Le 18 novembre 2011, la direction de l’UES CEGELEC a initié une procédure d’information et de consultation du CCE sur le projet de la réorganisation juridique et financière des sociétés appartenant à l’UES CEGELEC envisagée pour le 1er septembre 2012.
Il était prévu dans ce projet que six sociétés régionales de l’UES : CEGELEC PARIS, CEGELEC OUEST, CEGELEC NORD EST, CEGELEC SUD EST, CEGELEC SUD OUEST et CEGELEC CENTRE EST réaliseraient des apports partiels d’actifs au profit d’une quarantaine de sociétés du groupe VINCI et que ces mêmes sociétés feraient l’objet d’une fusion-absorption par la société CEGELEC SAS, cette dernière étant elle*même absorbée par la SAS VINCI ENERGIES.

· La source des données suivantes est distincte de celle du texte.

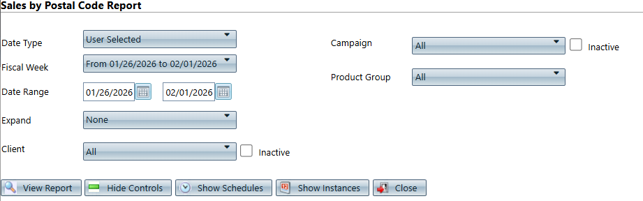 Path: Reports > Sales Reports > Sales by Postal Code Report

Ces opérations ont effectivement eut lieu le 31 août 2012.
Le CCE de l’UES CEGELEC estimant que l’obligation d’information et de consultation préalable du comité prévu par l’article L2323-19 du code du travail n’avait pas été respecté devait initier deux procédures pour se voir rétabli dans ses droits :
— une instance en référé devant le président du tribunal de grande instance de NANTERRE,
— une instance au fond devant le tribunal de grande instance de NANTERRE.
Par ordonnance du 10 février 2012, le juge des référés du tribunal de grande instance de NANTERRE l’a déboutée de ses prétentions et cette décision a fait l’objet d’un recours devant la cour d’appel de NANTERRE.
Dans ce contexte, le CCE de l’UES CEGELEC a présenté simultanément aux présidents des tribunaux de commerce d’AIX EN PROVENCE, NANTES, ROUBAIX, TOULOUSE, BOURG EN BRESSE une requête pour obtenir la désignation d’un mandataire ad’hoc afin de représenter les filiales dissoutes dans le cadre des deux instances en cours.
Par ordonnance du 15 octobre 2012, le président du tribunal de grande instance de BOURG EN BRESSE a désigné maître D-E Y, en qualité d’administrateur ad’hoc conformément à la requête du même jour.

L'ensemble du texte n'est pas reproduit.